Problem => For the data below, retype word for word the lines from the one containing "Di pasar China, Indeks" through the one containing "- Multiple Uses: White"; drop the pictures.

Data in this exercise =>
------------------------------------

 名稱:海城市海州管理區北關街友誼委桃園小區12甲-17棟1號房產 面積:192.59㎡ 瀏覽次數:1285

------------------------------------

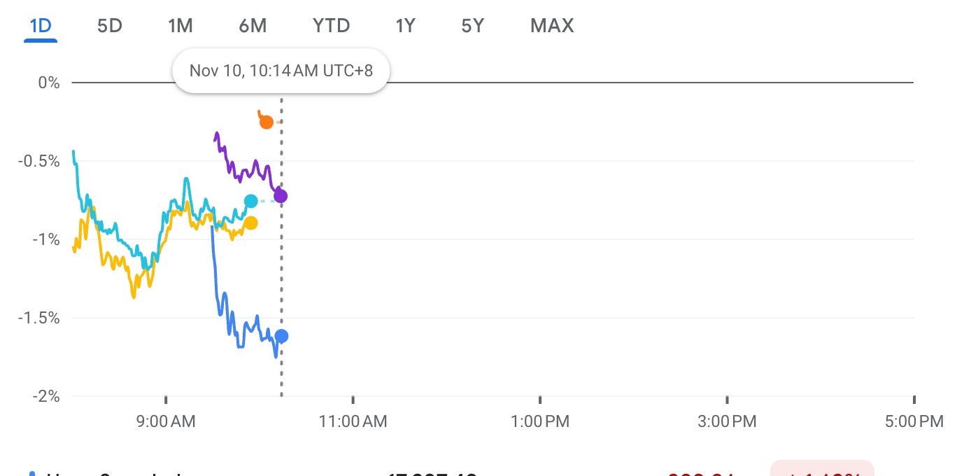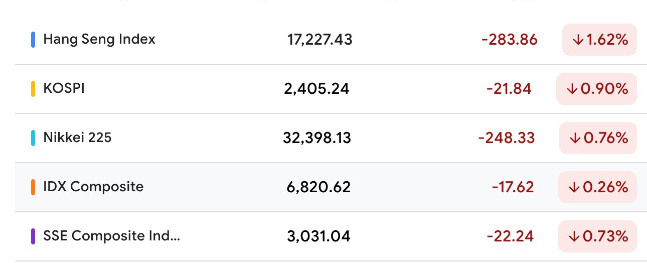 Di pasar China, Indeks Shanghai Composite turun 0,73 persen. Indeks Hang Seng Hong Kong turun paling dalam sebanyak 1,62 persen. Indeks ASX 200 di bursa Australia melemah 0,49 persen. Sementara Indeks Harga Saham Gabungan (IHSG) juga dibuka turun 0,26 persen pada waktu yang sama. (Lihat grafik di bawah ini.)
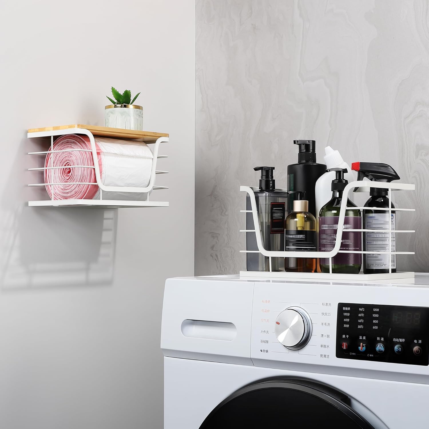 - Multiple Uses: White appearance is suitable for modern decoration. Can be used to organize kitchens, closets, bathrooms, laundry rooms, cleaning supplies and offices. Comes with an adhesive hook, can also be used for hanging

------------------------------------

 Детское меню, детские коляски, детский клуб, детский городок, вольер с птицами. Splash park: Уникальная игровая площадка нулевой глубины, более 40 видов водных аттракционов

------------------------------------

Completed exercise =>
 Di pasar China, Indeks Shanghai Composite turun 0,73 persen. Indeks Hang Seng Hong Kong turun paling dalam sebanyak 1,62 persen. Indeks ASX 200 di bursa Australia melemah 0,49 persen. Sementara Indeks Harga Saham Gabungan (IHSG) juga dibuka turun 0,26 persen pada waktu yang sama. (Lihat grafik di bawah ini.)
 - Multiple Uses: White appearance is suitable for modern decoration. Can be used to organize kitchens, closets, bathrooms, laundry rooms, cleaning supplies and offices. Comes with an adhesive hook, can also be used for hanging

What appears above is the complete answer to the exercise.